Posted all the glosses!


----------



## widdershins (Mar 4, 2009)

Ooooh I wants! These would make good presents for my girlfriends.


----------



## Ethel (Mar 5, 2009)

I wish UD would quit with the gimmicks and bring back lipgunks.


----------



## MissResha (Mar 5, 2009)

do they vibrate? LOL


----------



## shmooby (Mar 5, 2009)

Oooooo they're selling these on lookfantastic.com

I really want the clear one, but the guy on the top with the child freaks me out slightly... The pink ones look pretty too. Want to wait for reviews before I buy though!!!


----------



## abbey_08 (Mar 8, 2009)

iv got david!!!! 

i have to say half naked man aside (which i LOVE so cheeky!) they are great lipglosses

the 1s without glitter/shimmer are exactly like cremesheens but are actually pigmented!! and u actually get a decent amount in the tube vs macs rip off tubes. also the tube is great because its ideal for clutch/smaller bags...i plan to get more!

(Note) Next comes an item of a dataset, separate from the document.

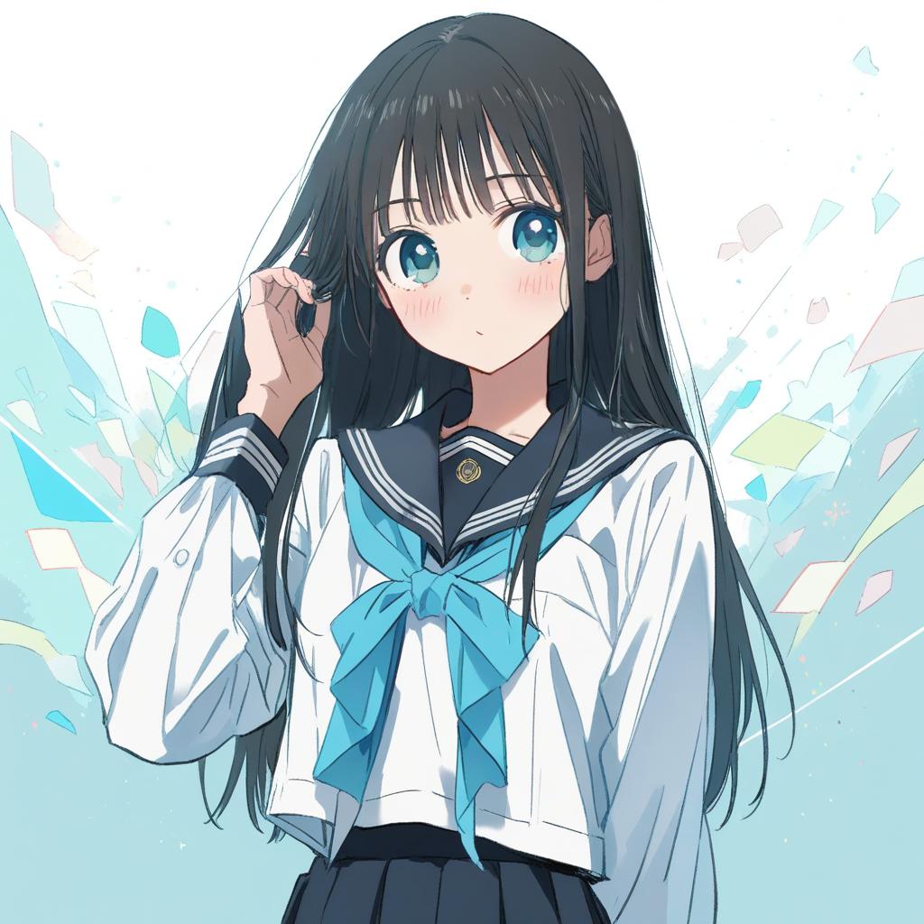 Illustration of an anime-style girl with long black hair and blue eyes wearing a traditional Japanese serafuku school uniform. The uniform consists of a white long-sleeve shirt with a black sailor collar and a blue ribbon, paired with a pleated skirt. The background features a soft pastel geometric pattern.

to be honest the picture is quite small and u have 2  really turn it to see the nakedness, its not screamingly obvious. i think these would make great birthday pressies aswell!


----------



## doomkitteh (Mar 15, 2009)

They look like they might be a bit tacky, but it's the kind of thing I'd like. Doug and James look nice. Will have to see them irl. I might get James since that's my husband's name as well.


----------



## Ms_Slick (Mar 17, 2009)

I thought these were a cute idea when I first saw them, but they're like $19.00 each or something outrageous. I'll probably still check these out in the store though. I like the color of James, but I work with a guy named James that is a total douche. Just kind of a turn off 
	

	
	
		
		

		
		
	


	




 I hate that Julio is posing with a baby by the way...creepy.


----------



## gigiopolis (Mar 17, 2009)

I don't care how tacky these are, I want them!!! And I heard that, as lipglosses, they were stellar. But the added gimmicks just add to it all


----------



## BitBitBabiGirl (Apr 6, 2009)

I think its kinda a cool concept. I wanna try the kirk one... but that would be kinda weird because that is actually my dads name. Imagine him or someone asking which color im wearing. lol


----------



## BEA2LS (Apr 7, 2009)

its cute but i miss the lip gunks


----------



## SakurasamaLover (Apr 7, 2009)

LOL... that's funny and nice 
	

	
	
		
		

		
		
	


	




Not sure I love the concept.. anyway may try one.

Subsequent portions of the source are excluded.